● **Exercise description**
Print, exactly and without pictures, the lines from the one where "みんなが共有する場所がダイニ" appears down to the end of the entries.

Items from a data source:
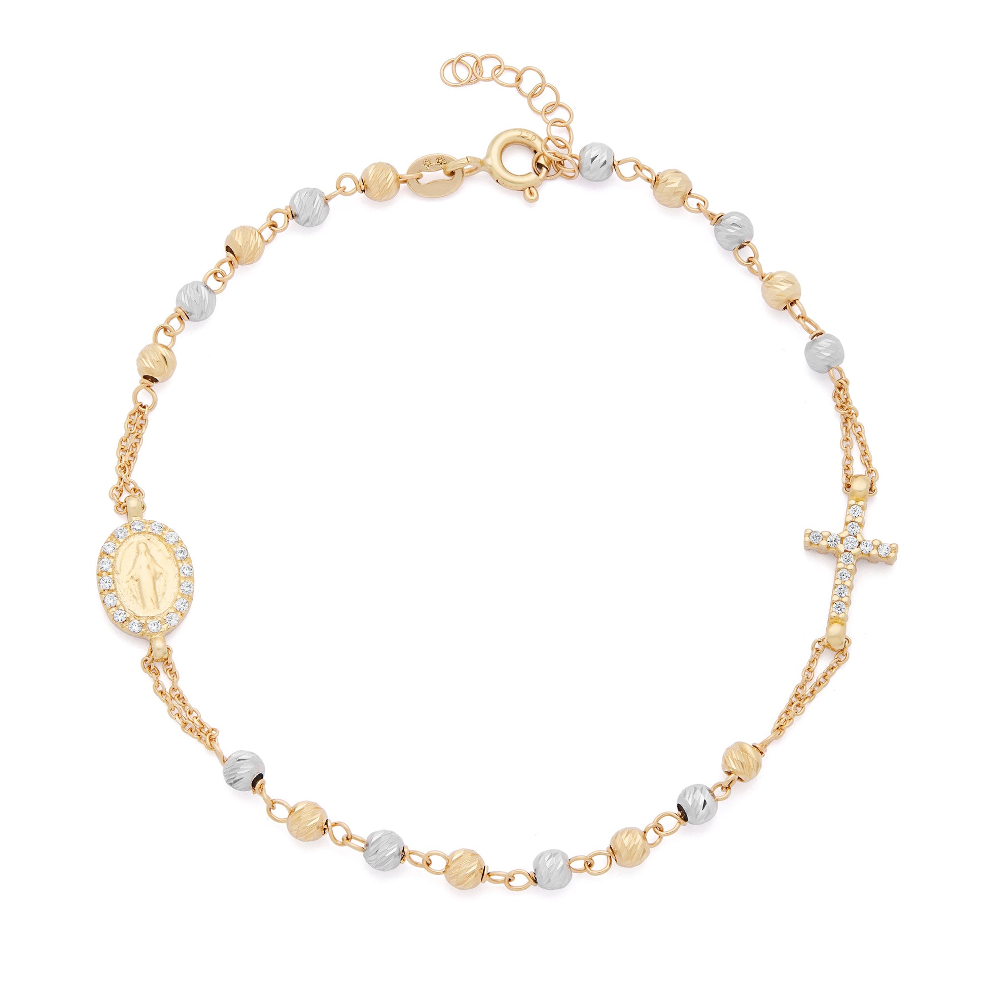 Bracciale con Grani Piccoli Sfaccettati in Oro Giallo e Oro Bianco con Medaglia Miracolosa e Croce con Zirconi
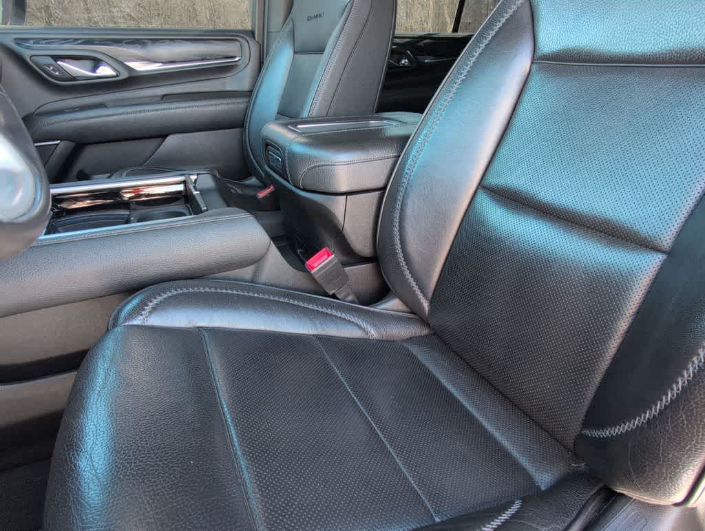 This Yukon Denali is nicely equipped with Advanced Security Package (Glass Breakage Sensor, Theft-Deterrent Alarm System, Vehicle Inclination Sensor, and Vehicle Interior Movement Sensor), Advanced Technology Package (Adaptive Cruise Control, Enhanced Automatic Emergency Braking, Inside Rearview Auto-Dimming Rear Camera Mirror, and Rear Camera Mirror Washer), Denali Ultimate Package (Air Ride Adaptive Suspension, Dual-Pane Panoramic Power Sunroof, Power-Retractable Assist Steps, and Rear Seat Media System), Max Trailering Package (Extra Capacity Cooling System), Preferred Equipment Group 5SA (12-Way Power Seat Adjusters, 15 Diagonal Multi-Color Head-Up Display, 2 Presets For Outside Rearview Mirrors, 3rd Row 60/40 Power-Folding Split-Bench Seat, Bright Front & Rear Door Sill Plates, Chrome Door Handles w/Body-Color Strip, Dual Exhaust System, Galvano Bodyside Moldings, Hands-Free Power Programmable Rear Liftgate, HD Surround Vision, Heated & Ventilated Driver & Front Passenger Seats, Heated 2nd Row Outboard Position Seats, Heated Automatic Steering Wheel, Heated Driver & Front Passenger Seats, Inside Rear-View Auto-Dimming Mirror, Outside Heated Power-Adjustable Mirrors, Power Release 2nd Row Bucket Seats, Power Tilt & Telescopic Steering Column, Rear Pedestrian Alert, and Universal Home Remote), 14 Speakers, 3.23 Rear Axle Ratio, 3rd row seats: split-bench, 4-Wheel Disc Brakes, ABS brakes, Adaptive suspension, Air Conditioning, Alloy wheels, AM/FM radio: SiriusXM with 360L, Apple CarPlay/Android Auto, Auto High-beam Headlights, Auto-dimming door mirrors, Auto-dimming Rear-View mirror, Auto-leveling suspension, Automatic Emergency Braking, Automatic temperature control, Bodyside moldings, Bose 14-Speaker Surround w/CenterPoint, Brake assist, Bumpers: body-color, Compass, Delay-off headlights, Driver door bin, Driver vanity mirror, Dual front impact airbags, Dual front side impact airbags, Electronic Stability Control, Emergency communication system: OnStar and GMC connected services capable, Floor Console, Following Distance Indicator, Forward Collision Alert, Four wheel independent suspension, Front anti-roll bar, Front Bucket Seats, Front Center Armrest, Front dual zone A/C, Front fog lights, Front Pedestrian Braking, Front reading lights, Fully automatic headlights, Garage door transmitter, HD Radio, Heads-Up Display, Heated door mirrors, Heated front seats, Heated rear seats, Heated steering wheel, Hitch Guidance w/Hitch View, Illuminated entry, Illuminated Mirror GMC Emblem (LPO), In-Vehicle Trailering App, Integrated Trailer Brake Controller, IntelliBeam Automatic High Beam On/Off, Jet Black Interior Trim, Lane Change Alert w/Side Blind Zone Alert, Lane Keep Assist w/Lane Departure Warning, Leather steering wheel, Low tire pressure warning, Magnetic Ride Control Suspension, Memory seat, Occupant sensing airbag, Outside temperature display, Overhead airbag, Overhead console, Panic alarm, Passenger door bin, Passenger vanity mirror, Perforated Leather Seating Surfaces, Power door mirrors, Power driver seat, Power Liftgate, Power passenger seat, Power steering, Power windows, Radio: AM/FM/SiriusXM w/Navigation, Rain sensing wipers, Rear air conditioning, Rear anti-roll bar, Rear Cross Traffic Alert, Rear reading lights, Rear window defroster, Rear window wiper, Remote keyless entry, Roof rack: rails only, Security system, SiriusXM w/360L, Speed control, Speed-sensing steering, Split folding rear seat, Spoiler, Steering wheel memory, Steering wheel mounted audio controls, Tachometer, Telescoping steering wheel, Tilt steering wheel, Traction control, Trailer Side Blind Zone Alert, Trailer Tire Pressure Monitor Sensors, Trip computer, Turn signal indicator mirrors, Variably intermittent wipers, Ventilated front seats, Voltmeter, Wheels: 20 x 9 6-Spoke Polished Aluminum, Wheels: 22 M
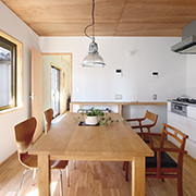 みんなが共有する場所がダイニングキッチン。ここでは家族の食事はもちろん、友人を招いて食事会や飲み会も出来れば、お母さんのお友達が集まってお茶のみの場所にもなります。
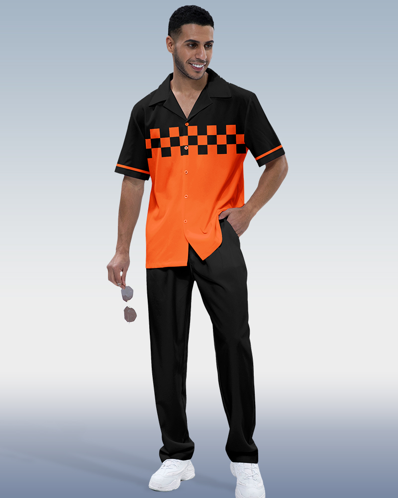 Suitmens Men's Black Plaid Short Sleeve Walking Suit
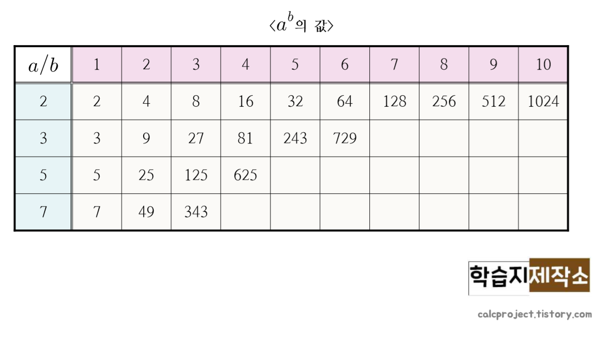 밑이 2,3,5,7일 때 거듭제곱수는 아래 표와 같습니다. (단, 2의 10제곱은 포함하였습니다.)

● **Answer to this task**
 みんなが共有する場所がダイニングキッチン。ここでは家族の食事はもちろん、友人を招いて食事会や飲み会も出来れば、お母さんのお友達が集まってお茶のみの場所にもなります。
 Suitmens Men's Black Plaid Short Sleeve Walking Suit
 밑이 2,3,5,7일 때 거듭제곱수는 아래 표와 같습니다. (단, 2의 10제곱은 포함하였습니다.)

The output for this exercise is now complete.